Nassarius fossatus, the channeled basket snail, is a species of sea snail, a marine gastropod mollusc in the family Nassariidae, the nassa mud snails or dog whelks. It is native to the west coast of North America where it is found on mudflats on the foreshore and on sand and mud in shallow water.

==Description==
This is one of the largest mud snails in the genus and has a robust shell that can reach nearly 5 cm long. The width of the body whorl of the spirally coiled shell is about half the total length of the shell and there are about six further whorls of diminishing size. There is a distinctive transverse groove on the lowermost portion of the body whorl. The surface of the shell is sculpted with fine axial ribs and spiral ridges, giving it a basket-like texture. The aperture is less than half the diameter of the shell and can be closed by a horny operculum. There is a siphonal notch at the edge of the aperture through which a breathing siphon can be extended. The lip of the aperture is finely toothed at the margin and slightly ridged inside. The columella (the central supporting structure around which the shell is coiled) is thickened at the aperture and is usually orange. The rest of the shell surface is grayish-brown or ashy gray and is matte in appearance.

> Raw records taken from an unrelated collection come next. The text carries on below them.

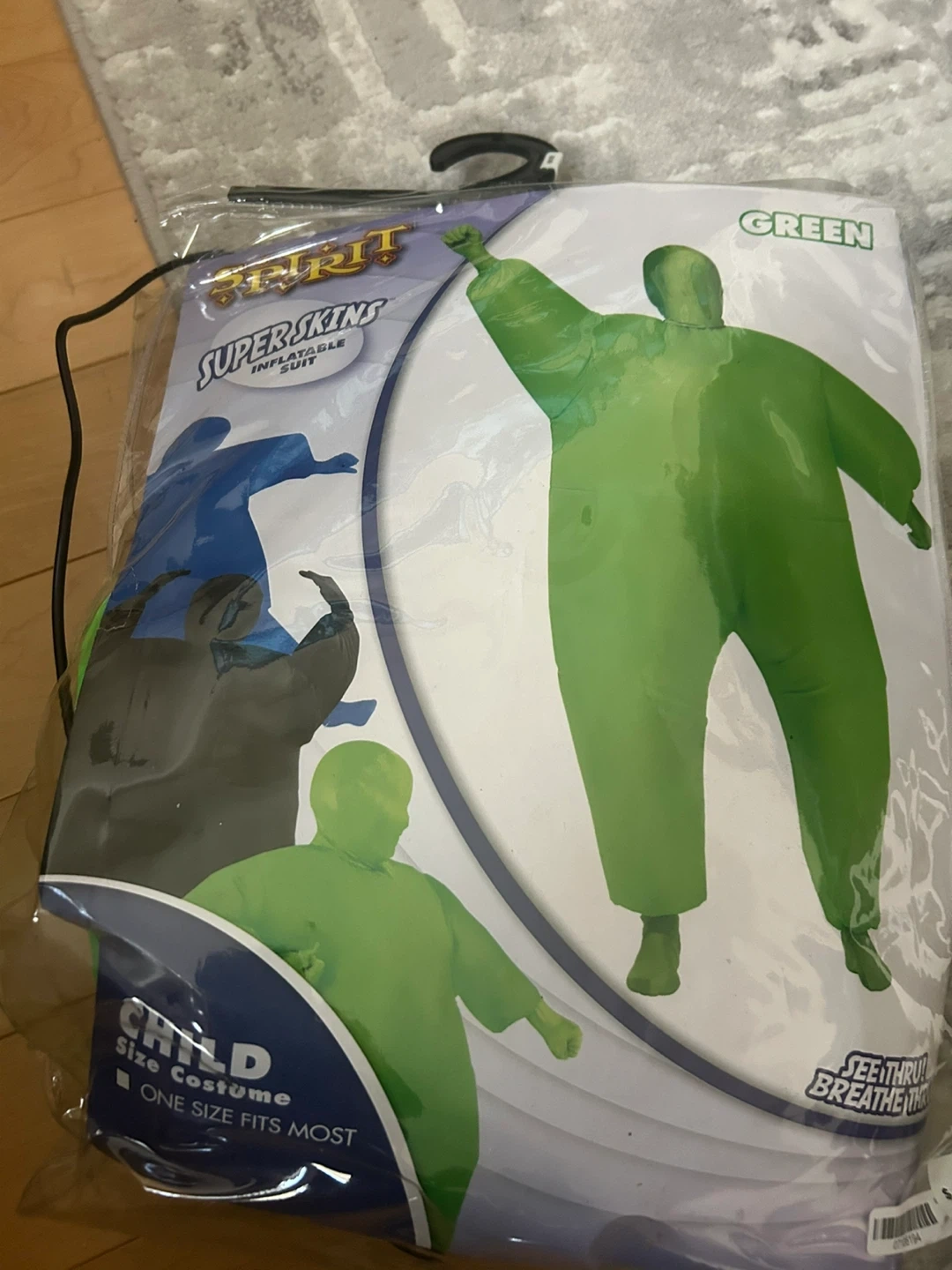 Get ready for Halloween with this fun inflatable suit! It's a child size costume from Spirit Halloween, and it says 'One Size Fits Most'. The package says 'Seethru! Breathe Thru!' Originally bought for $44.99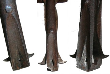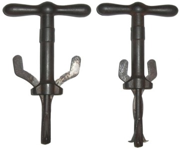 This tool appeared in the 2006 auction of the Alf Erickson corkscrew collection. It was listed as a "Whatsit". Some thought it might be some sort of crude cork remover where the sharp teeth are forced through the cork and then the prongs are engaged with the bottom of the cork for lifting. It sounded like a remote possibility yet requiring such force to get the teeth through the cork that it might first push the cork into the bottle.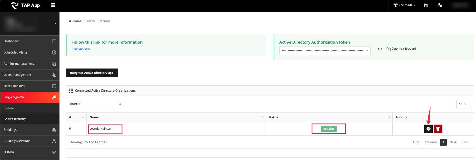 Active Directory uygulamasını tümleştir düğmesini seçin. Ardından kuruluşunuzun etki alanını girin ve Kaydet düğmesini seçin.

==Distribution and habitat==
This species is native to the coasts adjoining the northeastern Pacific Ocean. Its range extends from Vancouver Island to Baja California. It is found intertidally on mudflats and also subtidally on sandy and muddy substrates to a depth of about 18 m.

==Behavior==
Nassarius fossatus is a predator and scavenger. When the tide is out it crawls across the surface of the mud leaving a distinctive trail. It is able to detect odors with its long proboscis and when it finds something edible, it winds its foot round it and rasps at the surface with its radula. A dead fish in a creek has been found to attract snails from as far away as 30 m downstream. N. fossatus can similarly detect the approach of a predator such as the starfish Pisaster brevispinus. Its reaction is either to crawl away rapidly, rocking its shell from side to side, or do a spectacular flip or series of flips, catapulting itself with its muscular foot.

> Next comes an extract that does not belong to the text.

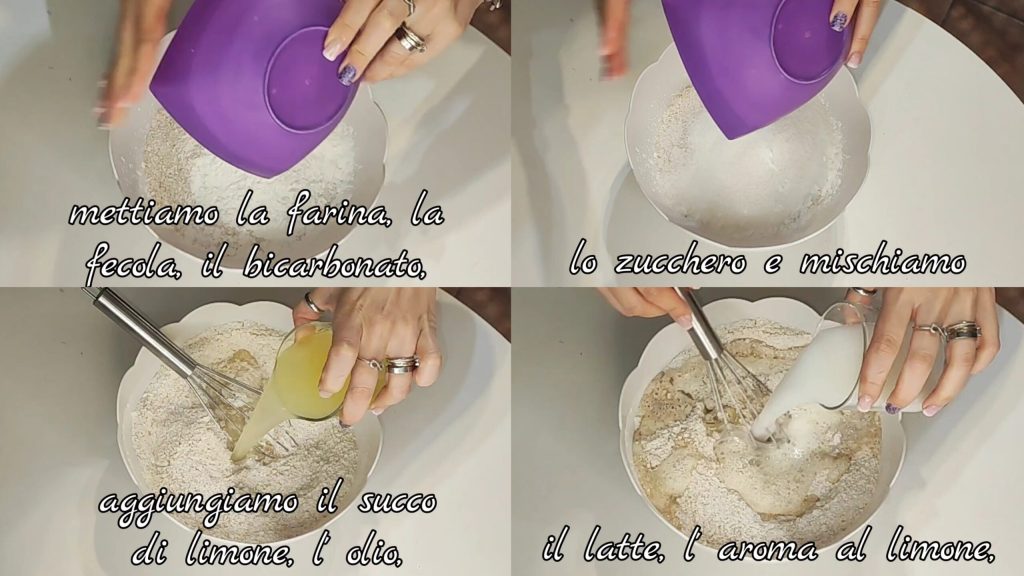 Dans un récipient, mettons la farine, la fécule, le bicarbonate, le sucre et mélangeons. Ajoutons le jus de citron, l’huile, le lait, l’arôme de citron.

Nassarius fossatus lays its eggs on eelgrass or some other solid object on the surface of the mudflats. First it cleans a portion of leaf blade with its radula, then it forms a fold in its foot connecting its genital pore with its mucous pedal gland. The egg mass passes along this fold and the pedal gland is used to cement the egg capsule to the leaf blade. This process takes about ten minutes, during which time the snail's body and shell oscillate from side to side. After this, the snail moves forward slightly and repeats the process, eventually producing a series of flattened capsules that overlap each other giving a shingled effect. A typical egg string may contain 45 eggs and be 6 cm long.